━━ DATA SHOWN ━━
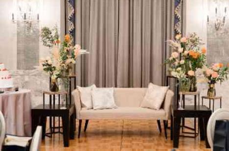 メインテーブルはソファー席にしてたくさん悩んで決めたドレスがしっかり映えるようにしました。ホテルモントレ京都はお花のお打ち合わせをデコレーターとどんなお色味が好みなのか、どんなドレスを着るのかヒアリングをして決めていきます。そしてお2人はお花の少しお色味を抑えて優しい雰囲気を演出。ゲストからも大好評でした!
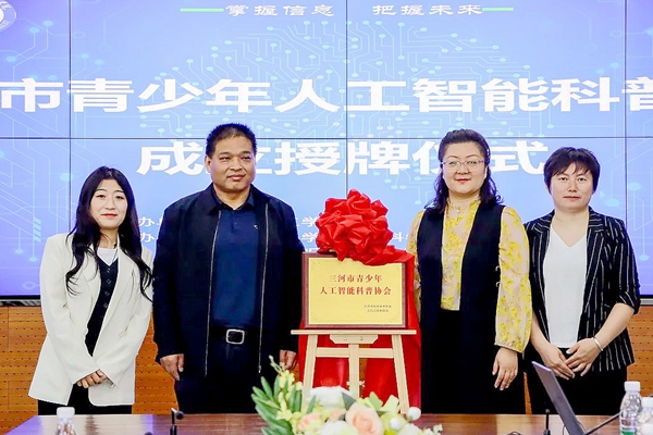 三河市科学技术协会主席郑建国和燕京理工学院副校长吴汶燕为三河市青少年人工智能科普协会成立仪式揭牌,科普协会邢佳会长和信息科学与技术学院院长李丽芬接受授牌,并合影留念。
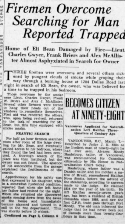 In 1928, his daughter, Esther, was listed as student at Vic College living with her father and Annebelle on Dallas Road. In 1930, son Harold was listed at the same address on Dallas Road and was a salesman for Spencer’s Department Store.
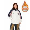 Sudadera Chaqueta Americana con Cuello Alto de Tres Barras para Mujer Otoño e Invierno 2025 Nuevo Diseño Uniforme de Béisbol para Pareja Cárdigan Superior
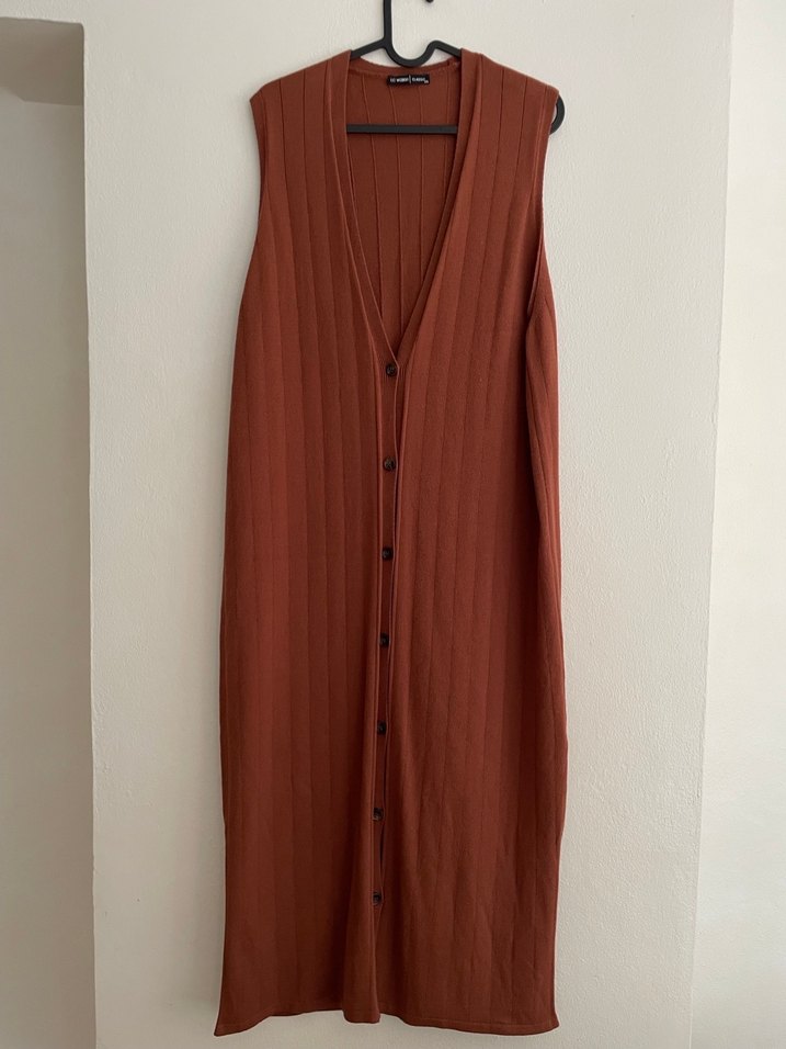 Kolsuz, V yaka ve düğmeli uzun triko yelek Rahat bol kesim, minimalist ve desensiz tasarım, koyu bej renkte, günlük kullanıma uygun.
━━━
━━ DATA SHOWN ━━
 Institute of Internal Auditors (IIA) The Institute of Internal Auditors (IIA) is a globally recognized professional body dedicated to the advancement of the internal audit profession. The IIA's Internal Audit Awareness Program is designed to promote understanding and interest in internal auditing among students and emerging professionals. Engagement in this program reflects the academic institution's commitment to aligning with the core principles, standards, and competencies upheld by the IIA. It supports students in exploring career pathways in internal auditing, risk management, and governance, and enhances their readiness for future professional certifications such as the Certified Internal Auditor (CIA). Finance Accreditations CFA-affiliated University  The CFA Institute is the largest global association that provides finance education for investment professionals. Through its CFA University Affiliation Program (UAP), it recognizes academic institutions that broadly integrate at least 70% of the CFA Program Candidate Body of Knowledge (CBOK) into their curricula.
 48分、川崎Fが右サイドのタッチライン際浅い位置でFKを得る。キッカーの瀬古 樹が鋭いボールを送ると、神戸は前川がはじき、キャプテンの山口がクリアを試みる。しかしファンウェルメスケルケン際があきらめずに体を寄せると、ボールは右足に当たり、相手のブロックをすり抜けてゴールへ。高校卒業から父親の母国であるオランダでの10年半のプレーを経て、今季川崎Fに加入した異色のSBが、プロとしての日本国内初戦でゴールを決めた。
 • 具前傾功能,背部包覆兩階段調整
━━━
━━ DATA SHOWN ━━
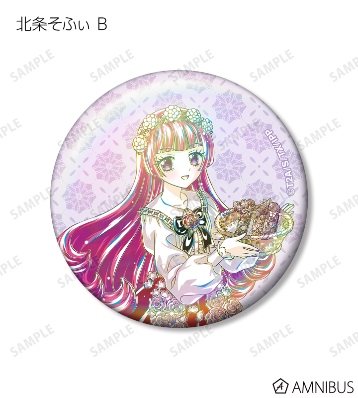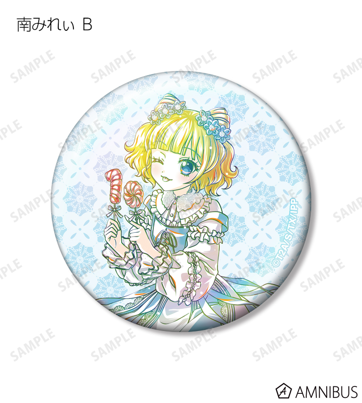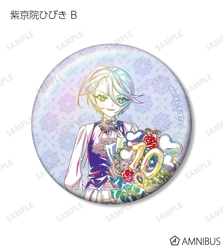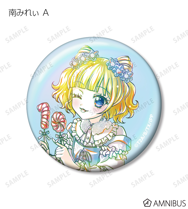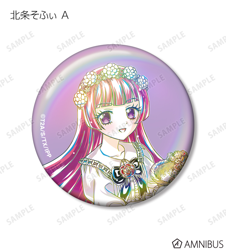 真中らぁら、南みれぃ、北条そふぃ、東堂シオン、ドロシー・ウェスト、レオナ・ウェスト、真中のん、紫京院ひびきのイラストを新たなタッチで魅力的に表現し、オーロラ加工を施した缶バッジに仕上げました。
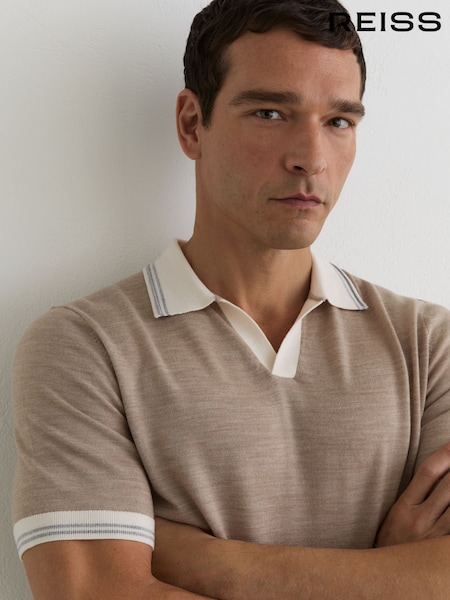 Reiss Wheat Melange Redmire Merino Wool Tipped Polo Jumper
━━━
TASK ITEM:
Using the material above, reproduce only the lines that run from the line with "メインテーブルはソファー席に" up to and including the line with "三河市科学技术协会主席郑建国", exactly, with the pictures dropped.

FINISHED EXERCISE:
 メインテーブルはソファー席にしてたくさん悩んで決めたドレスがしっかり映えるようにしました。ホテルモントレ京都はお花のお打ち合わせをデコレーターとどんなお色味が好みなのか、どんなドレスを着るのかヒアリングをして決めていきます。そしてお2人はお花の少しお色味を抑えて優しい雰囲気を演出。ゲストからも大好評でした!
 三河市科学技术协会主席郑建国和燕京理工学院副校长吴汶燕为三河市青少年人工智能科普协会成立仪式揭牌,科普协会邢佳会长和信息科学与技术学院院长李丽芬接受授牌,并合影留念。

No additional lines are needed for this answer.